Bob has a daughter Alice who is 5 years old. Bob doesn't want Alice to read pages like 16a because it has the word "fuck" in one of the options. Page 16a is tagged with "profanity". Bob creates a filter for Alice's account with the rule "never:profanity", so when Alice visits page 16, version 16a will never be served to her.

Possible filter rules include:

never: Pages matching this filter will never be chosen.
always: Only pages matching this filter will ever be displayed. This would be useful if you want to restrict pages to a particular language such as "always:lang:en" to display only english pages.
prefer: This will significantly increase the likelihood that a page with the tag is included but will not prevent pages not matching to be displayed too.

Ideas are welcome.

hamle365 commented 10 years ago

This is a good idea. I agree with this plan. The tags should be colourful like gmail tags.
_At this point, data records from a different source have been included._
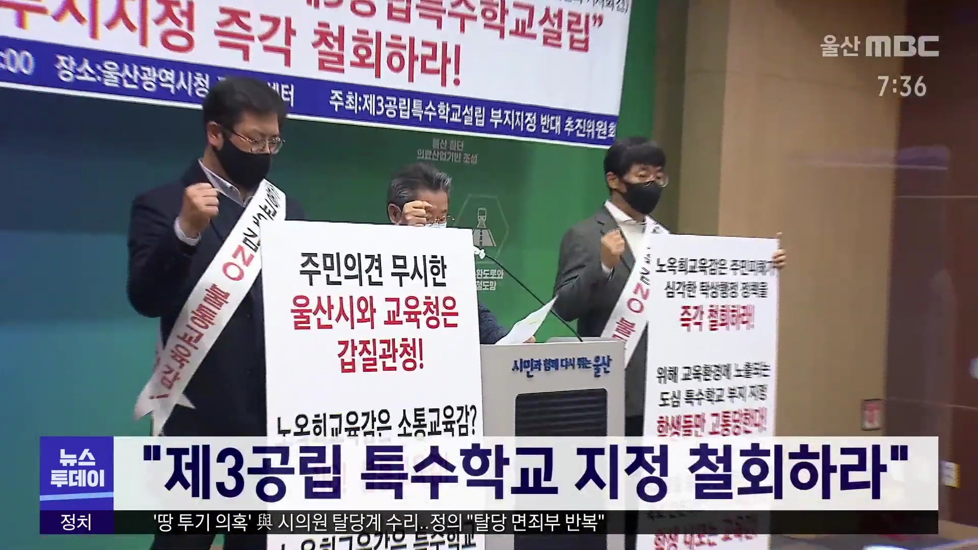 남구 야음동 일원에 제3공립 특수학교를 설립하는 것과 관련해 편입 토지 소유자 63명과 인근 주민들은 오늘(3/9) 기자회견을 갖고 특수학교 부지 지정 철회를 요구했습니다. 이들은 토지 매입가가 너무 낮아 사유 재산권이 침해되며 인근에 자동차운전학원과 골프연습장 등이 있어 학습 환경도 좋지 않다고 주장했습니다. ...
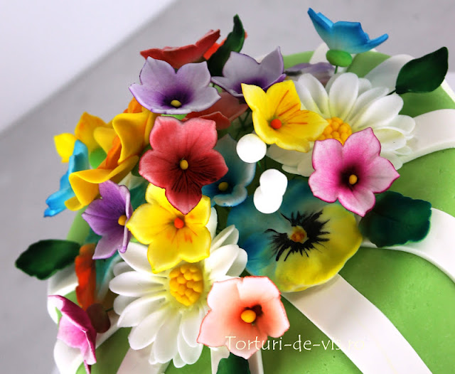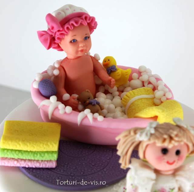 Iata din nou un tort inspirat din cele ale mamei mele, insa Corinei i-a placut atat de mult, incat si-a dorit unul la fel pentru botezul fetitei ei. Este un model care imi place si mie, pentru ca iese din tiparul clasic de tort de botez cu jucarii si are chiar o nota de eleganta, potrivita pentru o fetita.
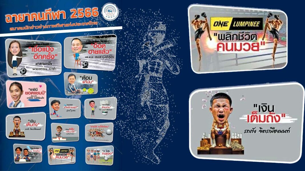 สวัสดีปีใหม่ 2567ครับแฟนๆกีฬาทั่วประเทศ ถือเป็นกิจกรรมประจำช่วงส่งท้ายปีเก่า ต้อนรับปีใหม่ของ”สมาคมนักข่าวช่างภาพกีฬาแห่งประเทศไทย” ที่ได้ตั้ง”ฉายาคนกีฬา” เป็นประจำทุกๆปี สำหรับปี 2566 ที่ผ่านไป สมาคมฯก็ได้คัดเลือกบุคคลกีฬาที่มีจุดเด่นด้านผลงาน จะเด่นหรือไม่เด่นก็แล้วแต่คิด หรือวลีเด็ดๆของคนกีฬา ที่วงการกีฬาชาวไทยจดจำ ชนิดได้ยินฉายาแล้วนึกหน้าออก
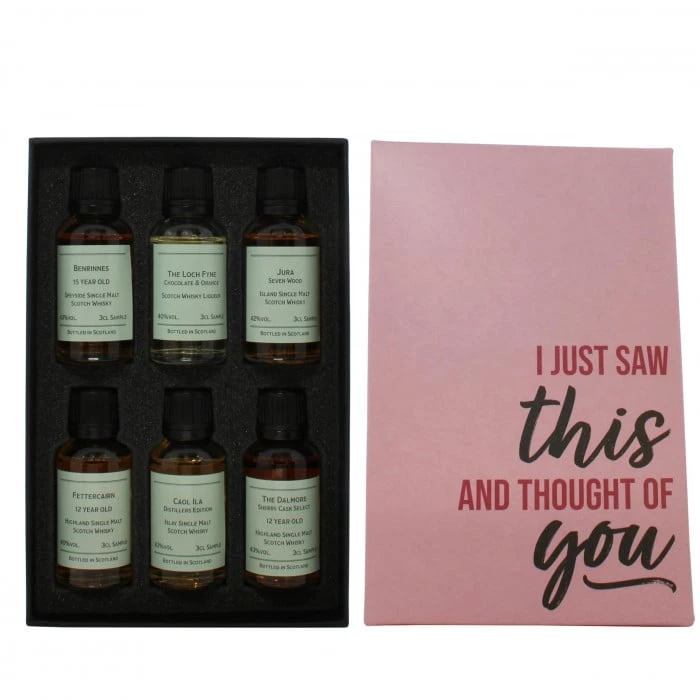 The perfect gift to show the whisky lover in your life how much you really care. This thoughtful gift set includes the Benrinnes 15 Year Old, The Loch Fyne Chocolate & Orange Liqueur, Jura Seven Wood, Fettercairn 12 Year Old, Caol Ila Distillers Edition, and The Dalmore Sherry Cask Select 12 Year Old.

On 13/05/2014, at 12:38 pm, Matt notifications@github.com wrote:

I have plans for features called "tags" and "filters" which should be quite self-explanatory.
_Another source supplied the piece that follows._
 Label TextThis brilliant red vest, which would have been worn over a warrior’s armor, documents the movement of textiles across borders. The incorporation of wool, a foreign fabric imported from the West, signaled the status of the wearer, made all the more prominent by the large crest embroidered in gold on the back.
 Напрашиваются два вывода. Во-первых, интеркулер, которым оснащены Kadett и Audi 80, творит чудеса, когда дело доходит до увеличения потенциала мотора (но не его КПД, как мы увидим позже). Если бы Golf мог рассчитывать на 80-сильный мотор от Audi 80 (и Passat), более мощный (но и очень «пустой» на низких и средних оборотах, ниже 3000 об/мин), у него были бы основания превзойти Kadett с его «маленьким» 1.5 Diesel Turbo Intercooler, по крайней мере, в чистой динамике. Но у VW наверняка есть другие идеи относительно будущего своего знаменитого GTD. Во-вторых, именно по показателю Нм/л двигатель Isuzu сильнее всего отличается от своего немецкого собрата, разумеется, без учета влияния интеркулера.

In true wiki-style, anybody will be able to add tags to any page, and filters will allow users to only be served pages matching or not-matching specified tags.

Bob has a daughter Alice who is 5 years old. Bob doesn't want Alice to read pages like 16a because it has the word "fuck" in one of the options. Page 16a is tagged with "profanity". Bob creates a filter for Alice's account with the rule "never:profanity", so when Alice visits page 16, version 16a will never be served to her.

Possible filter rules include:

never: Pages matching this filter will never be chosen. always: Only pages matching this filter will ever be displayed. This would be useful if you want to restrict pages to a particular language such as "always:lang:en" to display only english pages. prefer: This will significantly increase the likelihood that a page with the tag is included but will not prevent pages not matching to be displayed too. Ideas are welcome.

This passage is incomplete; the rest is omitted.